COMUNICACIÓN BREVE

On the immunostimulatory hypothesis of cancer

 

Juan Bruzzo, Paula Chiarella, Raúl A. Ruggiero

División Medicina Experimental, Instituto de Investigaciones Hematológicas, IMEX-CONICET, Academia Nacional de Medicina, Buenos Aires

Postal address: Dr. Raúl A. Ruggiero, División Medicina Experimental, Instituto de Investigaciones Hematológicas, IMEX-CONICET, Academia Nacional de Medicina, Pacheco de Melo 3081, 1425 Buenos Aires, Argentina
Fax (54-11) 4803-9475 e-mail: ruloruggiero@yahoo.com.ar

 

---

Abstract
There is a rather generalized belief that the worst possible outcome for the application of immunological therapies against cancer is a null effect on tumor growth. However, a significant body of evidence summarized in the immunostimulatory hypothesis of cancer suggests that, upon certain circumstances, the growth of incipient and established tumors can be accelerated rather than inhibited by the immune response supposedly mounted to limit tumor growth. In order to provide more compelling evidence of this proposition, we have explored the growth behavior characteristics of twelve murine tumors -most of them of spontaneous origin- arisen in the colony of our laboratory, in putatively immunized and control mice.

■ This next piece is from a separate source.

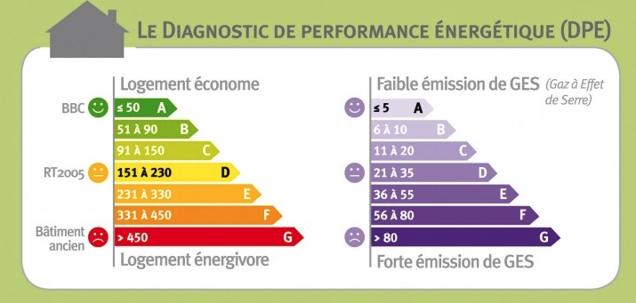 # Le diagnostic de performance énergétique. Le DPE renseigne sur la performance énergétique et climatique d’un logement ou d’un bâtiment (étiquettes A à G), en évaluant sa consommation d’énergie et son impact en termes d’émissions de gaz à effet de serre. Il s’inscrit dans le cadre de la politique énergétique définie au niveau européen afin de réduire la consommation d’énergie des bâtiments et de limiter les émissions de gaz à effet de serre et sert notamment à identifier les passoires énergétiques (étiquettes F et G du DPE, c’est-à-dire les logements qui consomment le plus d’énergie et/ou émettent le plus de gaz à effet de serre). Enfin, il informe l’acquéreur ou le locataire de la “valeur verte”, donne des recommandations de travaux à réaliser pour l’améliorer, et des estimations de ses charges énergétiques.
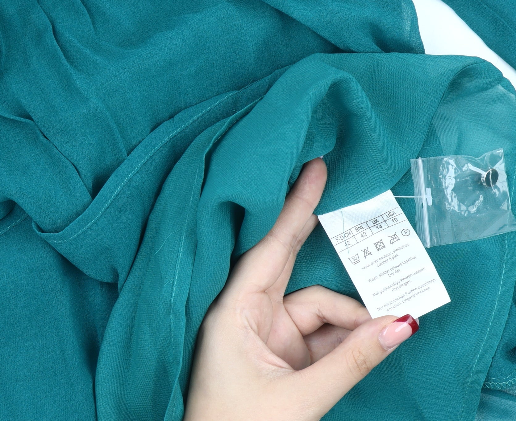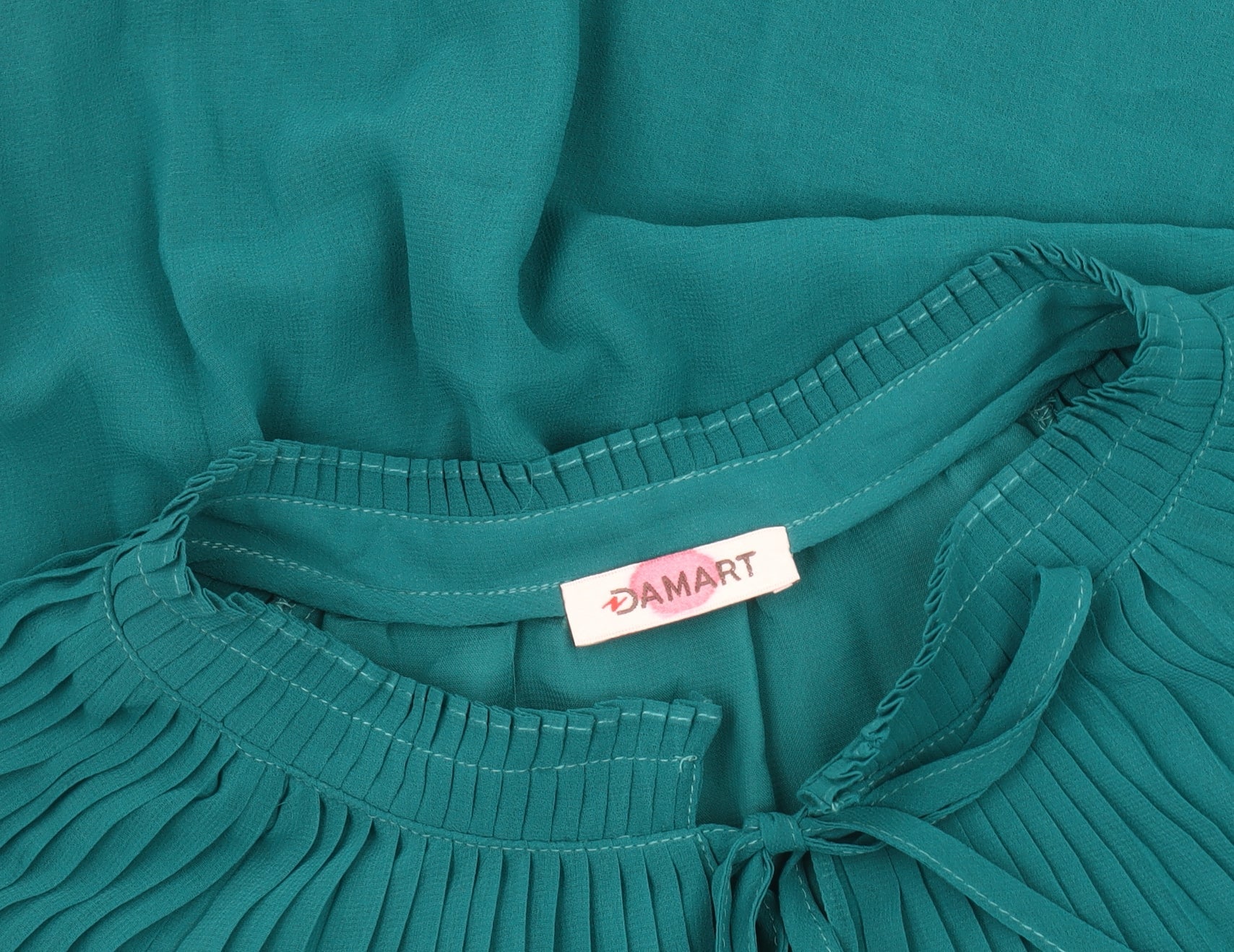 Damart Women’s Green Pleated Chiffon Tunic Blouse Size 14 Long Sleeve

Using classical immunization procedures, 8 out of 12 tumors were actually stimulated in “immunized” mice while the remaining 4 were neither inhibited nor stimulated. Further, even these apparently non-antigenic tumors could reveal some antigenicity if more stringent than classical immunization procedures were used. This possibility was suggested by the results obtained with one of these four apparently non-antigenic tumors: the LB lymphoma. In effect, upon these stringent immunization pretreatments, LB was slightly inhibited or stimulated, depending on the titer of the immune reaction mounted against the tumor, with higher titers rendering inhibition and lower titers rendering tumor stimulation. All the above results are consistent with the immunostimulatory hypothesis that entails the important therapeutic implications -contrary to the orthodoxy- that, anti-tumor vaccines may run a real risk of doing harm if the vaccine-induced immunity is too weak to move the reaction into the inhibitory part of the immune response curve and that, a slight and prolonged immunodepression -rather than an immunostimulation- might interfere with the progression of some tumors and thus be an aid to cytotoxic therapies.

Key words: Immunostimulatory hypothesis; Murine tumors; Immunization assays

Resumen
Sobre la hipótesis inmunoestimulatoria del cáncer. Existe la creencia de que el peor resultado posible de la aplicación de terapias inmunológicas contra el cáncer es un efecto nulo sobre el crecimiento tumoral. Sin embargo, existe evidencia, resumida en la hipótesis inmuno-estimulatoria del cáncer que sugiere que, bajo ciertas circunstancias, el crecimiento tumoral puede ser acelerado, en lugar de inhibido, por la respuesta inmune supuestamente inducida para atacar el tumor. Para obtener una mayor confirmación de esta proposición, estudiamos el crecimiento de doce tumores murinos -la mayoría de origen espontáneo- surgidos en el criadero de nuestro laboratorio, tanto en ratones presumiblemente inmunizados como en controles. Usando procedimientos clásicos de inmunización, 8 de los 12 tumores fueron estimulados en ratones “inmunizados” mientras que los 4 restantes no fueron ni inhibidos ni estimulados. Más aún, incluso estos 4 tumores aparentemente no-antigénicos podrían revelar algún grado de antigenicidad si procedimientos más drásticos de inmunización fueran usados en lugar de los clásicos. Esta posibilidad fue sugerida por los resultados obtenidos con el linfoma aparentemente no-antigénico denominado LB. En efecto, en ratones que recibieron estos procedimientos más drásticos de inmunización, LB fue ligeramente inhibido o estimulado, dependiendo del grado de la reacción inmune anti-tumoral inducida, con altos títulos produciendo inhibición y bajos títulos, estimulación tumoral. Los resultados arriba descriptos son consistentes con la hipótesis inmuno-estimulatoria del cáncer. Esta hipótesis tiene dos importantes consecuencias terapéuticas que son contrarias a la interpretación convencional. En primer lugar, sugiere la posibilidad cierta de que una vacuna “anti-tumoral” puede producir un efecto estimulador del crecimiento neoplásico si la respuesta inmune producida no es lo suficientemente robusta como para mover la reacción más allá de la parte estimulatoria de la curva. En segundo lugar, que una suave y prolongada inmunosupresión -en lugar de una inmuno-estimulación- podría interferir con la progresión de algunos tumores y ayudar de este modo a las terapias citotóxicas.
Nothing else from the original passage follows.